If you know me, you know that we take a lot of pictures.  You’ll also likely have heard me say something along the lines of “There will be a whole generation of kids who grows up and as adults have no photos of themselves when they were young.”  Or something like “There are only two kinds of photos online: The ones that never go away (that kegstand photo that shows up at your job interview) and the ones that disappear forever (your baby’s first birthday pictures).” I really do believe this to be true.  Think about all the people you know where the only pictures they have of their kids are on their cell phone. When the phone is lost so are the pictures.  Or photos are stored on a single hard drive that crashes.  Or photos that never get off the memory card of the camera.  At least with film you could always find that shoebox in the attic full of your childhood photos.
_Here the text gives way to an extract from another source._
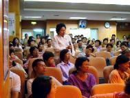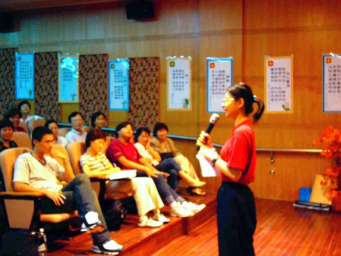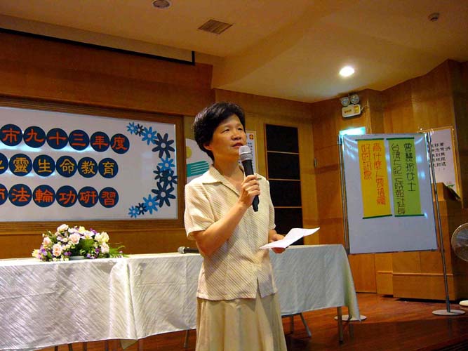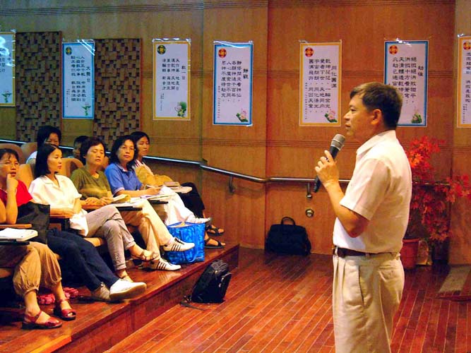 乐群国小许素香主任:两周前得知这个研习讯息,原抱著怀疑及迷惑的态度,如今透过研习已澄清对法轮功的误解且深知法轮大法的好。在这五天中,让我认清自己往后的方向。解开心中经常担忧的事----如何教养小孩,我第二天就帮小孩子报名参加高雄法轮功儿童夏令营。

So as part of my paranoia about losing the photos we take a couple of precautions.  First we get the pictures off the memory cards and onto the computer as soon as we can.  Then we back the whole computer up using Carbonite.  I’ve talked about it before. This includes all the photos.  It gets the photos themselves off site in case the computer is stolen or hard drive crashes.  Next we upload all of the photos to Flickr.  It acts as both a backup system and of course a way to share our photos.  When we upload to Flickr we also add tags and descriptions.

It occurred to me a couple of weeks ago that all this additional data, the metadata of tags and descriptions, is almost as import as the pictures themselves.  With all that metadata we can search for and find photos which would be impossible without it.  We can search for and find photos that have Wesley and Jillian swimming and find them all in just a few minutes. Want only the ones that also have Amber? No problem.  But what if Flickr goes away? They might shutdown or kick us off for no reason at all. It happens with web services all the time.  Then we’d have copies of the pictures on our computer and backed up off site, but I’d have no way to find a specific picture and we’d also have no idea what was happening in those pictures.

I decided we needed a local copy of the metadata as well.  Luckily Flickr has an awesome API.  You can programmatically interface with all your images and data.  I decided that I’d use Python to do the heavy lifting and (Beej’s) Python Flickr API kit to interface with Flickr. I wrote my script (download at the bottom of this page) using ActiveState Python version 2.6.1 on Windows Vista, but it should work on a wide variety of systems.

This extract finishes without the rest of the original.